So not only will the Loser Community enjoy its 22nd annual Flushies
awards banquet (in potluck form) and songfest safe from the elements,
Robin says we can go into her barn — or even drive to it — and pet the
goats, chickens and various other fauna at RK acres, her little farm in
Lothian, Md., in Anne Arundel County. She just suggests that you not
wear your best shoes — and that when you take them off when you come
into the house, you might not want to be wearing your most holey socks.
If you care.
The Diallos — Robin is a 15-time Loser and notable prize-donor — are
welcoming some 60 of us for the entire afternoon, from noon to about 6,
so that we can take time after the structured festivities and lunch to
tour the grounds and commune with the horses, llama, sheep, peacocks and
sundry other fauna. And of course there’s always a chance that sunshine
could make an unscheduled appearance. (Well, that would be a 1-in-10
chance.)
Meanwhile, I’ve just printed out 55 copies of each of three
custom-written song parodies — actually two parodies and a poem — that
were written by Loser Extraordinaire Nan Reiner with contributions from
other LEs as well. They are fabulous. And emcee Kyle Hendrickson has
prepared a second edition of his Loser Jeopardy game, which he debuted
at last year’s Flushies, at Danielle Nowlin’s house in Virginia.
I’m delighted to report that the Loser of the Year, the Rookie of the
Year and possibly some Other Things of the Year will be in attendance to
be showered with honors as well as with precipitation, as will our
newest Hall of Fame member, Jeff Contompasis, and Double Haller Brendan
Beary. Nan is coming up from Florida just for the Flushies and Sunday’s
Washington Post Hunt, while Matt Monitto is coming down from Connecticut
for same. And as usual there will be lots of veteran Losers as well as
some who’ll be joining us for the first time. And Mae Scanlan will be
our keyboardist.
The presentations, songs, Jeopardy, Empress-heckling, etc., will start
around 2 p.m. and run for an hour or so. Before that we’ll schmooze and
eat, and afterward we’ll do more of the same.

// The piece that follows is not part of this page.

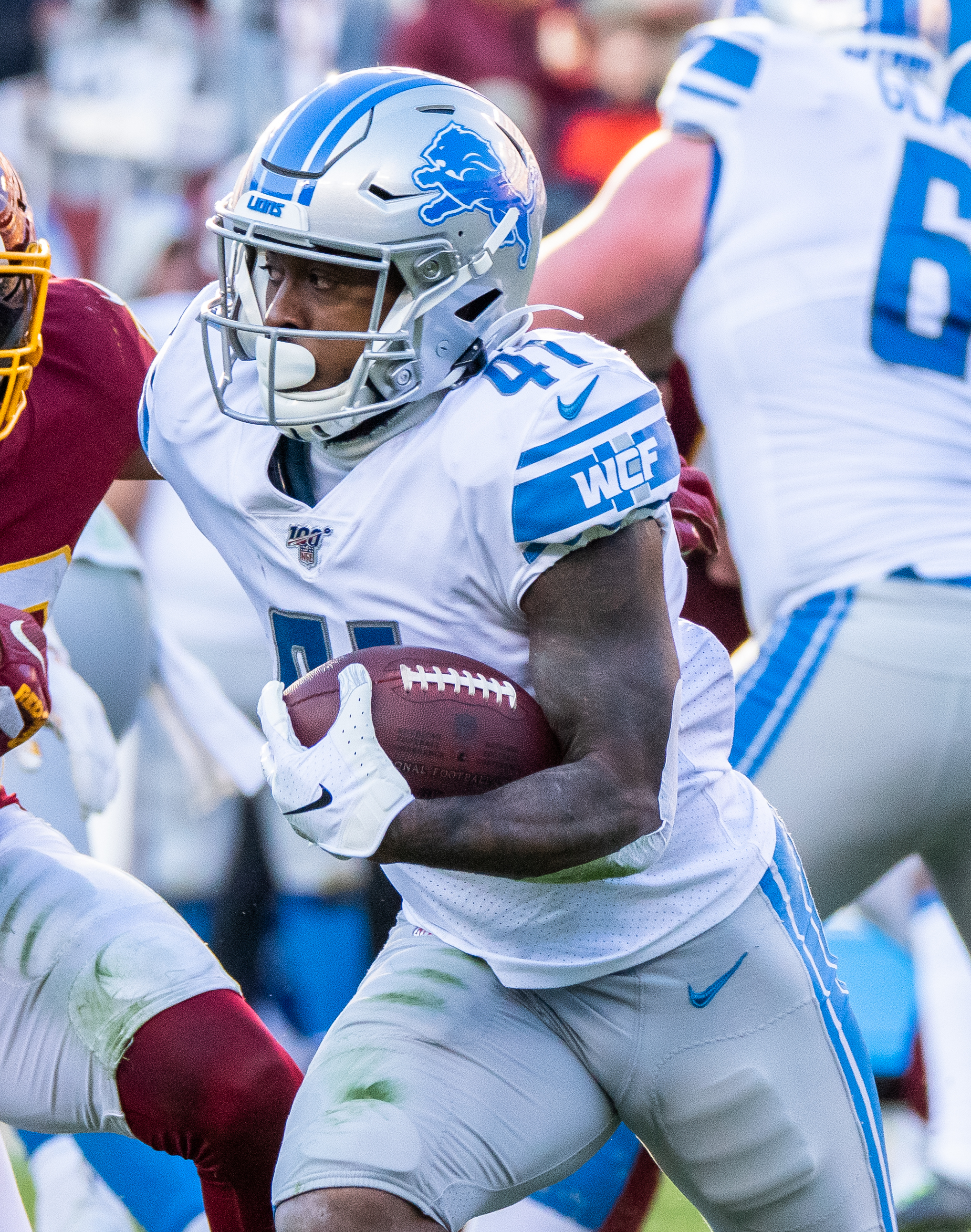 In 2019

While we hit the 60-person mark in RSVPs earlier this week, there were
some late cancellations, and so /*it’s not too late to decide to come *
/and to tell Flushies Pooh-Bah Elden Carnahan. (elden.carnahan (at)
gmail (dot) com.) He’s asking each of us to pony (hahaha) up a big $5 to
cover miscellaneous expenses; you can pay him at the event.
I’ve also promised Door Prize Queen Pie Snelson that I will be bringing
ten (10) pieces of miscellaneous crap to be wrapped up and “awarded.”
And I just may, finally, regift to Robin the amazing carved-wood ashtray
she sent me as a possible Invite prize (not EVER) from the Philippines,
featuring a carved-wood life-size erect phallus.
The Philippines was just one of the many places around the world from
which Robin has sent us prizes: As a State Department diplomat, she’s
reported to us from Malawi (the famous mcedo penis cap), Senegal, New
Delhi and Kabul. And be sure, at the Flushies, to wish her well on her
next posting, this fall: She’ll be the public affairs officer in
Baghdad. For a year. For the second time.
*EXTENDED DEADLINE FOR YOUR DEAD LINES*
Once in a while I remember that there’s a holiday a couple of Mondays
from now and I’ll give you an extra day to file entries. It’s more of a
tradition, though, than a necessity: Back in the early days of the
Invite — we started in 1993 — a lot of people needed to get back to the
office fax machine to send us their entries.
John Hutchins, who’s one of those people who show up and immediately
start blotting up ink after ink — his first ink was for Week 1162, then
Week 1165, and then at least once in six of the seven weeks since —
displayed his acute Invite affliction when he suggested, in rapid
succession, three different contest ideas, all of which show promise.
This one, Week 1176, should allow for a
variety of good joke-writing; I’m optimistic that the results will be
perfectly lively.
*THE NEW ENTRY SYSTEM — REALLY, IT’LL BE FINE *
Last week the Invite shuffled into the 21st century with a Web-based
entry submission system, rather than the old e-mails. And after
tinkering with a few things, I can report that it seems to be going well.
Some things we discovered after posting the debut contest for this, Week
1175 :
-- The URL (Web address) we gave in the print edition was hard for some
people to read; one person wrote to me that subpl.at/invite1175 looked
exactly like subpl.at/Invite1175 (capitalization matters in these
abbreviated URLs) and he couldn’t get it to work until his wife noticed
the dot over the i. So from here on in, it’ll be subpl.at/INVITE1176 etc.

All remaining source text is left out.